Dataset extract ▸
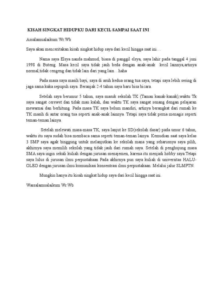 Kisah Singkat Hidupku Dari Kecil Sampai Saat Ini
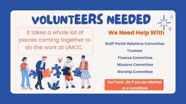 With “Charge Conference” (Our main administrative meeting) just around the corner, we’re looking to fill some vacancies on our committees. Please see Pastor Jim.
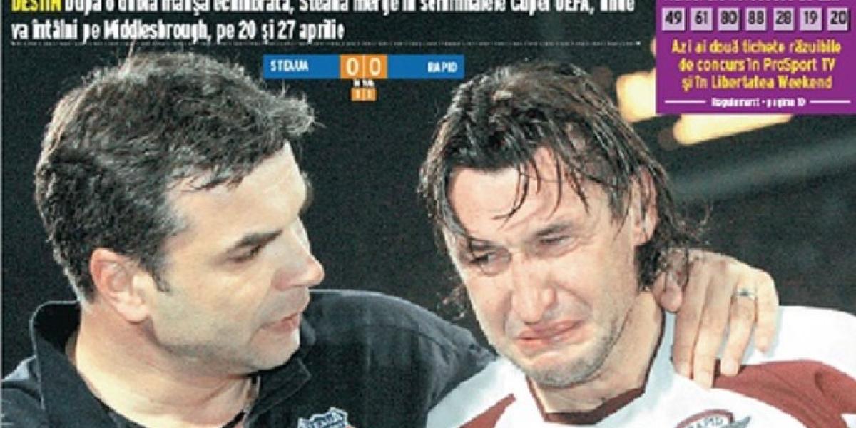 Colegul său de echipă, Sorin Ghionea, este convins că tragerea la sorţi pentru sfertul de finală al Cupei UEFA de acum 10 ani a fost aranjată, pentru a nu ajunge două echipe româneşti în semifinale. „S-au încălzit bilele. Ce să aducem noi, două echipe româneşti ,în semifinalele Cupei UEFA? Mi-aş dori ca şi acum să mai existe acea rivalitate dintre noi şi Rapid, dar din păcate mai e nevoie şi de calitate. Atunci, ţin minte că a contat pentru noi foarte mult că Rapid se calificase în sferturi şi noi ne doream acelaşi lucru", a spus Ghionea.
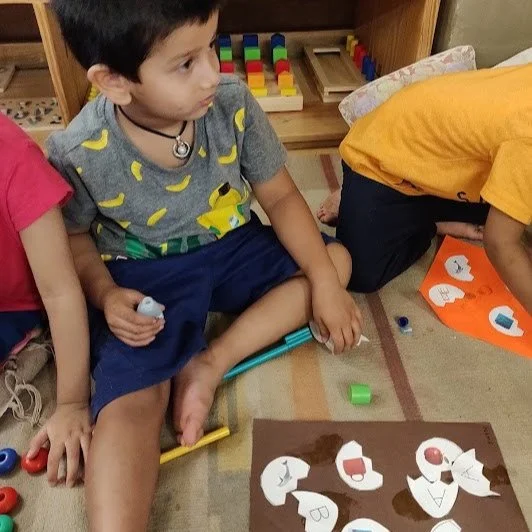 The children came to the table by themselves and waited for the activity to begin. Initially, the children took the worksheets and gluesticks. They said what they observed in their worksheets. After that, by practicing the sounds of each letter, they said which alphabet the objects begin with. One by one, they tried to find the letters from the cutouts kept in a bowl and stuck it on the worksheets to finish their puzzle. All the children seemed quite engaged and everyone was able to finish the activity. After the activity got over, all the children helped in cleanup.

Assignment ▸ Only the lines from the one containing "Colegul său de" through the last line of the data may appear in the answer, each given again exactly and with pictures left out.

Exercise result ▸
 Colegul său de echipă, Sorin Ghionea, este convins că tragerea la sorţi pentru sfertul de finală al Cupei UEFA de acum 10 ani a fost aranjată, pentru a nu ajunge două echipe româneşti în semifinale. „S-au încălzit bilele. Ce să aducem noi, două echipe româneşti ,în semifinalele Cupei UEFA? Mi-aş dori ca şi acum să mai existe acea rivalitate dintre noi şi Rapid, dar din păcate mai e nevoie şi de calitate. Atunci, ţin minte că a contat pentru noi foarte mult că Rapid se calificase în sferturi şi noi ne doream acelaşi lucru", a spus Ghionea.
 The children came to the table by themselves and waited for the activity to begin. Initially, the children took the worksheets and gluesticks. They said what they observed in their worksheets. After that, by practicing the sounds of each letter, they said which alphabet the objects begin with. One by one, they tried to find the letters from the cutouts kept in a bowl and stuck it on the worksheets to finish their puzzle. All the children seemed quite engaged and everyone was able to finish the activity. After the activity got over, all the children helped in cleanup.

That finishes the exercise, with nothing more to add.